The boards have frequently held that a statement of grounds referring generally to submissions made at first instance, as a rule, cannot be considered sufficient for the purposes of Art. 108, third sentence, EPC (see e.g. T 254/88, T 432/88, T 534/89, T 90/90, T 154/90, OJ 1993, 505; T 287/90, T 188/92, T 646/92, T 473/09, T 47/12, T 450/13).
In T 1311/13 the board stated that a mere reference to a party's earlier submissions and/or the verbatim repetition of the arguments presented in those submissions ("grounds by cut-and-paste"), including the submissions or arguments put forward at the oral proceedings before the opposition division, without actually dealing with, or entering into a discussion of the reasons given in the decision under appeal by the opposition division for arriving at its decision, was not enough to substantiate a ground of appeal.
In T 432/88 the appeal filed only made a general reference to the appellant's submissions in the preceding opposition proceedings and thus amounted to no more than a mere assertion that the contested decision was incorrect, without stating the legal or factual reasons why that decision should be set aside. Consequently, the appellant had left it entirely to the board and the respondent to conjecture in what respect the appellant might consider the decision under appeal to be defective. This was just what the requirement that grounds for appeal be filed is designed to prevent. This was followed in T 534/89, where the board pointed out that otherwise the respondent is at a loss to know how to prepare his case and the board cannot direct the appeal proceedings in an efficient way.
Merely referring to one's own first-instance submissions could not normally replace an explicit account of the legal and factual reasons for the appeal. Only exceptionally did the case law allow substantiation to take that form. References to earlier submissions, even when taken together with the contested decision, did not as a rule clearly indicate which grounds of the decision were regarded as mistaken, and why. The board and the opposing party could not then consider the merits of the appeal without making investigations of their own (T 349/00). See also T 165/00, where the case law was reviewed.
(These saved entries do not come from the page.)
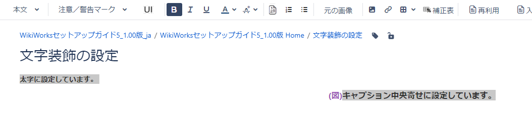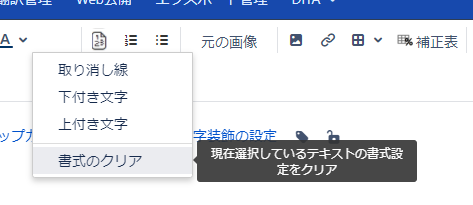 編集画面および閲覧画面で、選択した文字列のスタイルおよび装飾が削除されます。
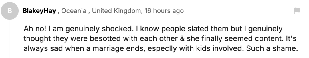 “唉,真是没想到!我实在感到震惊。虽然知道外界对他们有不少批评,但我真心以为他们深爱着彼此,而且她终于显得心满意足了。婚姻走到尽头总是令人难过,尤其还涉及到孩子。真是太遗憾了。”
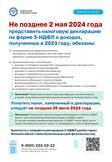 Не позднее 2 мая 2024 года необходимо предоставить налоговую декларацию по форму 3-НДФЛ о доходах, полученных в 2023 году.

Here the board could not share the appellant's view that reference on appeal to pleadings filed at the preceding instance had to be interpreted as a fresh filing of those pleadings and that the statement of grounds therefore had to be regarded as adequately reasoned. This ran counter to the rule highlighted in the boards' case law that grounds of appeal should state the legal and factual reasons why the appeal should be allowed and the contested decision set aside and that it was not enough merely to seek fresh examination of the patentability requirement found not to be met at the previous instance by indicating disagreement with that finding (see T 220/83, OJ 1986, 249; T 213/85, OJ 1987, 482; T 145/88, OJ 1991, 251; T 1462/08; T 2077/11).
Furthermore, a statement of grounds of appeal that is identical or nearly identical to the notice of opposition can as a rule not be considered to contain arguments as to why the decision under appeal is incorrect (T 2077/11, T 39/12, T 123/15 of 21 December 2016 date: 2016-12-21).
In a small number of isolated decisions, however, the boards have accepted a general reference to submissions at first instance as potentially constituting grounds for an admissible appeal (T 355/86, T 140/88, T 216/10), but these decisions were given in special cases in which those submissions already adequately addressed the grounds underlying the contested decision.
In T 725/89, submissions filed with the opposition division before despatch of the contested decision and commenting on the outcome of the oral proceedings directly preceding the decision were deemed to constitute admissible grounds for appeal, even though the actual statement of grounds referred to them only generally.